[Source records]
^^^^
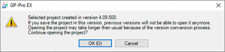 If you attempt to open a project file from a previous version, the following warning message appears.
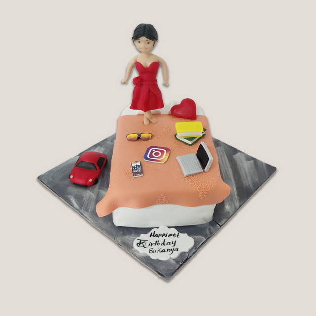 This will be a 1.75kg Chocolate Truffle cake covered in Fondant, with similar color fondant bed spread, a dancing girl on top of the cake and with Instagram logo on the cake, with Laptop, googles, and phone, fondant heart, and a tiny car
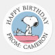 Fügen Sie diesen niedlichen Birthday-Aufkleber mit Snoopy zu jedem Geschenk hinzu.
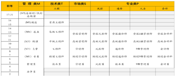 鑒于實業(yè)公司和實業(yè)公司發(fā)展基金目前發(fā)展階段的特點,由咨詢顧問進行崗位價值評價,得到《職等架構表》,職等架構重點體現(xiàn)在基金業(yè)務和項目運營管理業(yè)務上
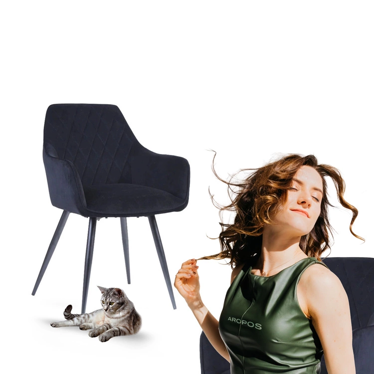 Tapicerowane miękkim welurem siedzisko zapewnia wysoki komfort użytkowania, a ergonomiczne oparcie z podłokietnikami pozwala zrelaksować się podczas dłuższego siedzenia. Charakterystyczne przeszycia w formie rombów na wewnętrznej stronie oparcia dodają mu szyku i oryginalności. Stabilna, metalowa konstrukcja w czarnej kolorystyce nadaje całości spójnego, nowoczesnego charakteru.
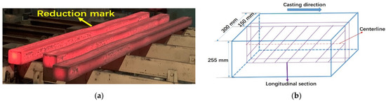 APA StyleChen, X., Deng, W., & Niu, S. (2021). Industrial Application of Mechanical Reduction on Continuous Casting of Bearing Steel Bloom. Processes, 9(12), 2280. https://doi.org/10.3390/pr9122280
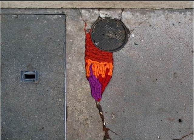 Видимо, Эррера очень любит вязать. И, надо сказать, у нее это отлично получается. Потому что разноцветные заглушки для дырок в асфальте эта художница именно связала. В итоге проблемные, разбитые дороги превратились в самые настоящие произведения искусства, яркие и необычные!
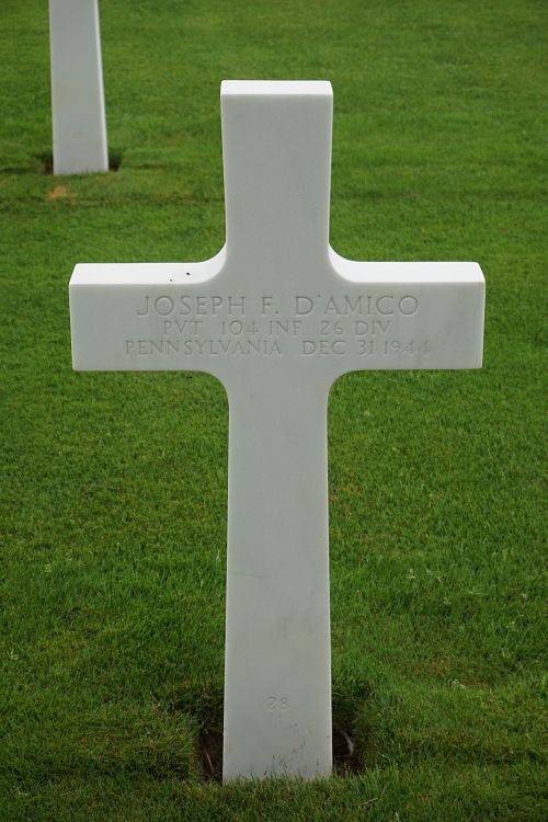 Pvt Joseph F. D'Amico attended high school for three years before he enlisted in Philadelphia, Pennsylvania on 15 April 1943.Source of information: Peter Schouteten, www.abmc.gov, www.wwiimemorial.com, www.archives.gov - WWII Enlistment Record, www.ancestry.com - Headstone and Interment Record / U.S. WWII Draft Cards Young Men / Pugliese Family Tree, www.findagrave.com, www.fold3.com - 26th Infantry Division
^^^^
Exercise:
Output only the lines above from the one containing "Tapicerowane miękkim welurem" to the one containing "APA StyleChen, X., Deng, W., &", both included, exactly as written and with no pictures.

Your response:
 Tapicerowane miękkim welurem siedzisko zapewnia wysoki komfort użytkowania, a ergonomiczne oparcie z podłokietnikami pozwala zrelaksować się podczas dłuższego siedzenia. Charakterystyczne przeszycia w formie rombów na wewnętrznej stronie oparcia dodają mu szyku i oryginalności. Stabilna, metalowa konstrukcja w czarnej kolorystyce nadaje całości spójnego, nowoczesnego charakteru.
 APA StyleChen, X., Deng, W., & Niu, S. (2021). Industrial Application of Mechanical Reduction on Continuous Casting of Bearing Steel Bloom. Processes, 9(12), 2280. https://doi.org/10.3390/pr9122280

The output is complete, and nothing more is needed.